Signal49 Research
- Type: Nonprofit applied research organization
- Legal status: Nonprofit with charitable status
- Purpose: Mission to provide Canada's leaders with research insights to inform evidence-based decision-making
- Headquarters: Ottawa, Ontario, Canada
- Region served: Canada
- Official language: English; French;
- President and chief executive officer: Susan Black
- Staff: 200
- Website: www.signal49.ca

= Signal49 Research =

Independent nonprofit applied research organization

Signal49 Research is Canadian applied-research organization that focuses economics, human capital, innovation and technology, education, health, sustainability, Indigenous and northern communities, and immigration.

In the economics forecasting space, Signal49 Research produces medium and long-term outlooks on the national, local, and industrial economies, as well as proprietary economic indicators and custom economic analyses.

The organization traces its origins to 1954 as a division of the American National Industrial Conference Board, now known as the Conference Board. In 1980 the name was licensed to an outside body; in 2026 the larger Conference Board took back the name and the existing licensee started operating as "Signal49 Research".
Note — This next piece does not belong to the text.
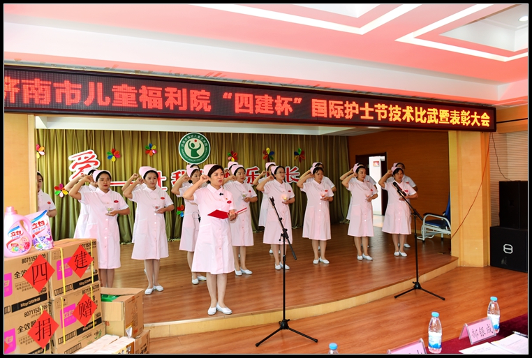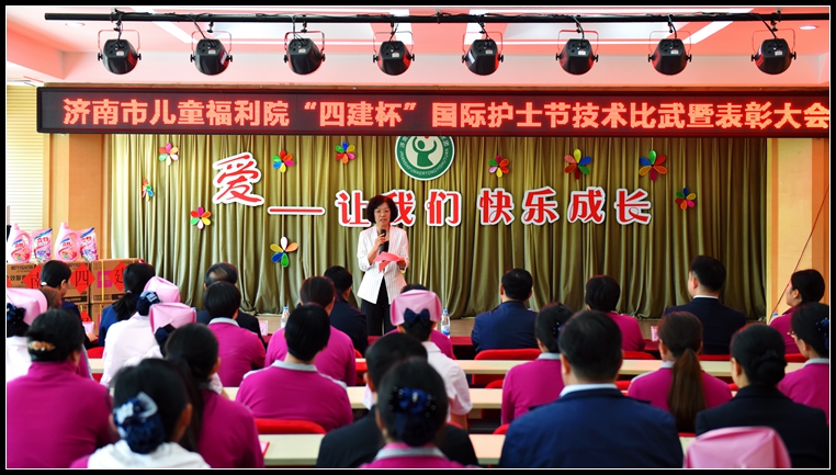 隨后,召開了濟南市兒童福利院“四建杯”國際護士節技術比武暨表彰大會,并對技術比武中獲得優異成績的先進護理工作者進行了表彰獎勵。會上,李主席代表集團公司做了講話,她首先向廣大護理工作者們提前致以節日的問候,向福利院的小朋友們表示親切的慰問,并向受到表彰的先進典型表示衷心地祝賀!李主席在講話中指出,這是我們第二次來到濟南市兒童福利院開展愛心公益活動,雖然這些孩子們遭遇不幸,但整個社會就是他們的家,只要我們人人獻出一份愛心,溫暖幸福就會陪伴在他們身邊,讓他們重新燃起人生的希望。同時,希望我們廣大的護理工作者以人為本,大力弘揚南丁格爾救死扶傷的人道主義精神和為護理事業無私奉獻的高尚品質,加強基礎護理知識的掌握和運用,提高標準化、專業化服務水平,使孤殘兒童獲得更優質的親情服務,多給他們一些鼓勵,教會他們一些生存技能。最后,她指出,濟南四建集團作為我市慈善事業的參與者,始終關心、參與、支持慈善事業,面向企業和社會,服務困難職工,廣泛宣傳慈善公益文化,積極參與公益活動,以精準扶貧為抓手,在扶貧、助殘、濟困、助學等活動中奉獻愛心,我們將以實際行動展示濟南四建集團責任國企的社會擔當,為社會福利事業持續健康發展助力。

The organization is headquartered in Ottawa, but moved to being fully remote during the pandemic, and has employees located across the country. Susan Black is the President and chief executive officer of Signal49.

==Past presidents==

- Daniel Muzyka 2012–2018
- Anne Golden 2001–2012
- James R. Nininger 1978–2001
- Robert de Cotret 1976–1978
- Arthur J.R. Smith 1971–1976
- Monteath Douglas 1954–1971

==Services==
- In-Fact: Research reports, webinars and conference proceedings available to subscribers.
- e-Data: Data underlying Signal49 Research's economic forecasts. U.S., Canadian, Provincial, Territorial, 24 Canadian Census Metropolitan Areas, and 16 Canadian Industries.
- Networks: Executive networks, councils, centres and working groups on various topics.
- Custom Research
- Research Centres: Canadian Centre for the Innovation Economy, Centre for Business Insights on Immigration, Centre for the North, National Immigration Centre, Value Based Healthcare Canada, Workplace Mental Health Research Centre

==Select research publications ==
- ChatGPT: Organizational and Labour Implications (2023)
- Cracking the Productivity Code: Charting a New Path to Prosperity (2024)
- Skills and Productivity: Which Skills Shortages Are Impacting Canadian Productivity? (2024)
- Transformation Towards Value-Based Healthcare in Canada: Focal Points for System-Wide Implementation (2024)
- C-Suite Challenge 2024: Toward Stability and Renewal (2024)
- Small Business, Big Impacts: Immigrant Hiring and Integration in Five Canadian Cities (2024)
- Opportunity for All: Improving Workplace Experiences and Career Outcomes for Canadians With Disabilities (2023)
- The Next Frontier in Canada’s Agri-Food Sector: Technology-Driven Labour and Skills Transitions (2024)
- Toward a Disaster Recovery Framework for Canada: Insights from the United States, Australia and New Zealand (2024)

==Controversies==

In May 2009, the organization was criticised over its claim to be objective and non-partisan. It released a report related to copyright regulations in Canada, which plagiarised papers published by the International Intellectual Property Alliance (the primary movie, music, and software lobby in the US). The organization responded, standing by its report, which drew further criticism, claiming they ignored a commissioned report for partisan reasons. The reports were recalled after internal review, which determined that there was undue reliance on feedback from a funder of the report. The organization hosted a roundtable discussion on intellectual property in September 2009 and published a new report, Intellectual Property in the 21st Century, in February 2010.

In November 2016, a recording surfaced of Michael Bloom, the vice-president, which contained a number of generalizing statements about Indigenous peoples, people of Caribbean, Asian, and Middle-Eastern descent. The statements were made in the presence of an employee of Indigenous heritage. Upon learning of the recording, the organization placed the vice-president on immediate leave of absence and initiated an internal investigation. Shortly after the recording was made public, it was further revealed that a former employee who worked under Bloom commenced legal action against the organization. This employee, also of Indigenous heritage, and alleged a "toxic work environment". A lawsuit was filed in Ontario seeking $175,000 in damages.